Joshua Tenenbaum, Professor of Computational Cognitive Science at the Massachusetts Institute of Technology, focuses his research to explain how neuro-symbolic systems can help to address some of the key problems of current AI systems. Among the many gaps in AI, Tenenbaum is concentrating on one in particular: “How do we go beyond the idea of intelligence as recognizing patterns in data and more toward the idea of all the things the human mind does when we are modelling the world, explaining and understanding the things we are seeing?”. Intuitive Physics and Behavioral Psychology can be applied, bridging this gap by exploring one of the fundamental aspects of intelligence that humans and many animals resort to. Our minds are built not just to see patterns in pixels and soundwaves but to observe and understand the world. Language is deeply grounded in the unspoken common-sense knowledge that we acquire before we learn to speak. One of the key components in Tenenbaum’s neuro-symbolic AI concept is a physics simulator that helps predict the outcome of actions. When we look at an image, such as a stack of blocks, we will have a rough idea of whether it will resist gravity or topple over. If we see a set of blocks on a table and are asked what will happen when we give the table a sudden bump, we can roughly predict which blocks will fall. We might not be able to predict the exact trajectory of each object, but we develop a high-level idea of the outcome. “We want to provide a roadmap of how to achieve the vision of thinking and what it is that makes human common sense distinctive and powerful”, Tenenbaum says. This is in line with one of AI’s oldest dreams also expressed by Alan Turing’s vision: “To achieve true intelligence, you should design a machine that is like a child because the real secret to human intelligence is our ability to learn.”
The Future of AGI
The reality of AGI is much more uncertain and nuanced than the myth. There is no consensus among researchers and experts on whether AGI is possible or desirable and when it might be achieved or how it might behave. There are many open questions and challenges that need to be addressed before AGI can become a reality. Some of these are:
How do we define and measure intelligence? Is there a universal standard or metric for comparing different forms and levels of intelligence? How do we account for the diversity and variability of intelligence across different domains and contexts?
How do we model and implement intelligence? What are the essential components and mechanisms of intelligence? How do we integrate different aspects of intelligence, such as perception, cognition, emotion, motivation, communication, creativity, etc.? How do we balance between generality and specificity?
How do we align and regulate intelligence? How do we ensure that intelligent systems share our goals and values? How do we prevent or mitigate unwanted or harmful behaviors? How do we monitor and control their actions and outcomes?
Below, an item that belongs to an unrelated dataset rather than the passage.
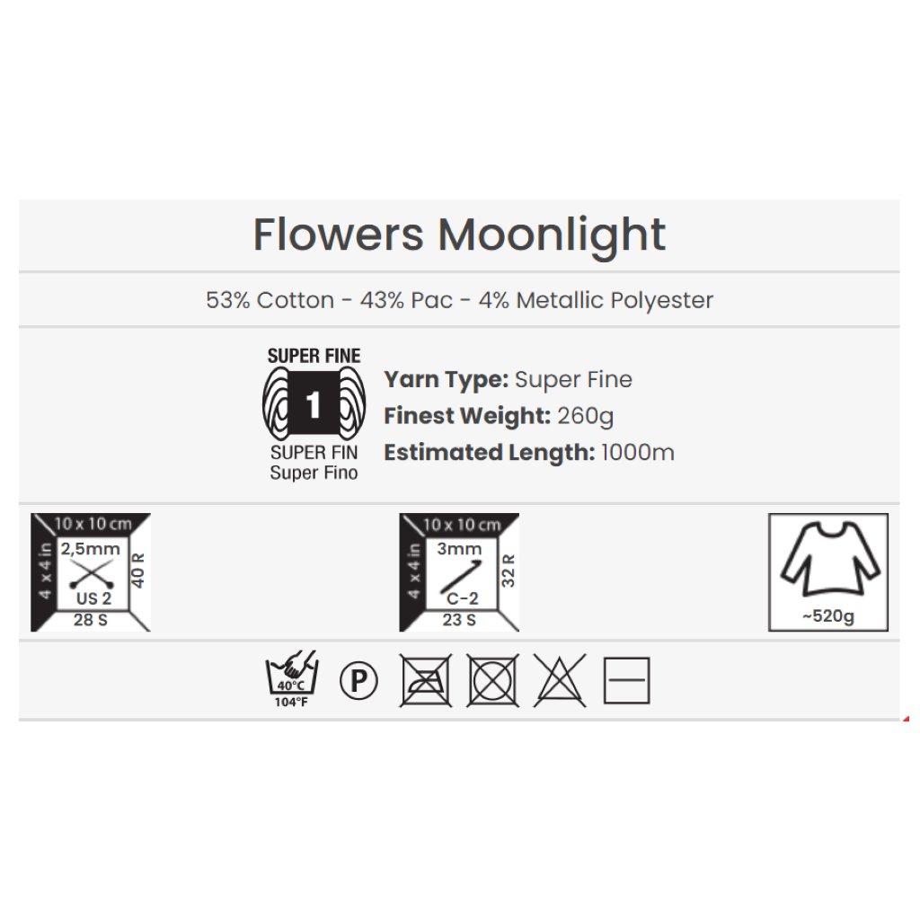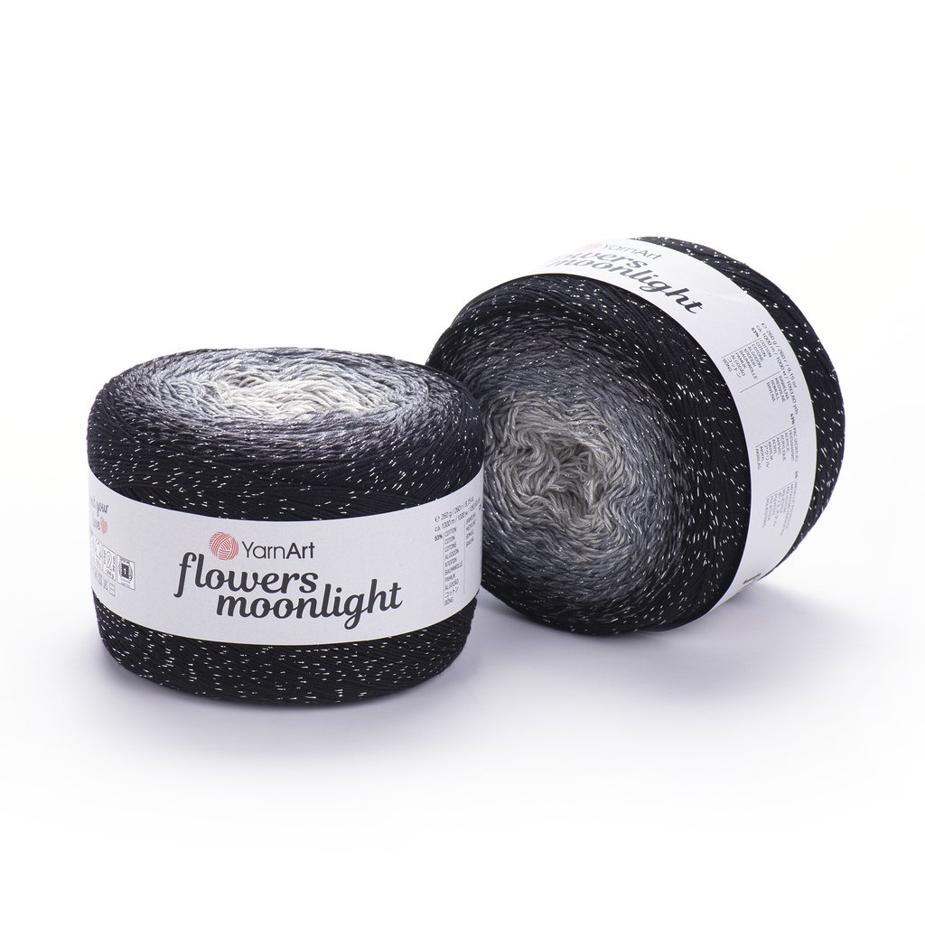 Flowers Moonlight je směsová příze s postupnými přechody. Využijete ji především na šátky a plédy, ale také na lehké svetříky, šaty, sukně, vesty a další doplňky.

These questions are not only technical but also ethical, social, and philosophical. They require interdisciplinary collaboration and public engagement to find satisfactory answers. They also require constant reflection and revision to adapt to a rapidly changing environment of AI-technology.
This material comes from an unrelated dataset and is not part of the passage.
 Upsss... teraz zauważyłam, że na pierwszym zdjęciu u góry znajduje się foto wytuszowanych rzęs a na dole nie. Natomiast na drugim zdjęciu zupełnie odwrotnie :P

AGI is a fascinating and controversial topic. However, there is a gap between the myth and the reality of AGI. The myth of AGI is based on several assumptions and arguments that may not hold true. However, the reality of AGI is much more complex and compared to its myth loaded with questions and challenges that need to be addressed before AGI can become a reality. The future of AGI is hard to predict, but it is likely to have profound implications for humanity and society. Depending on how we approach and manage the development and deployment of AGI, it could be a source of great benefit or great harm, or both.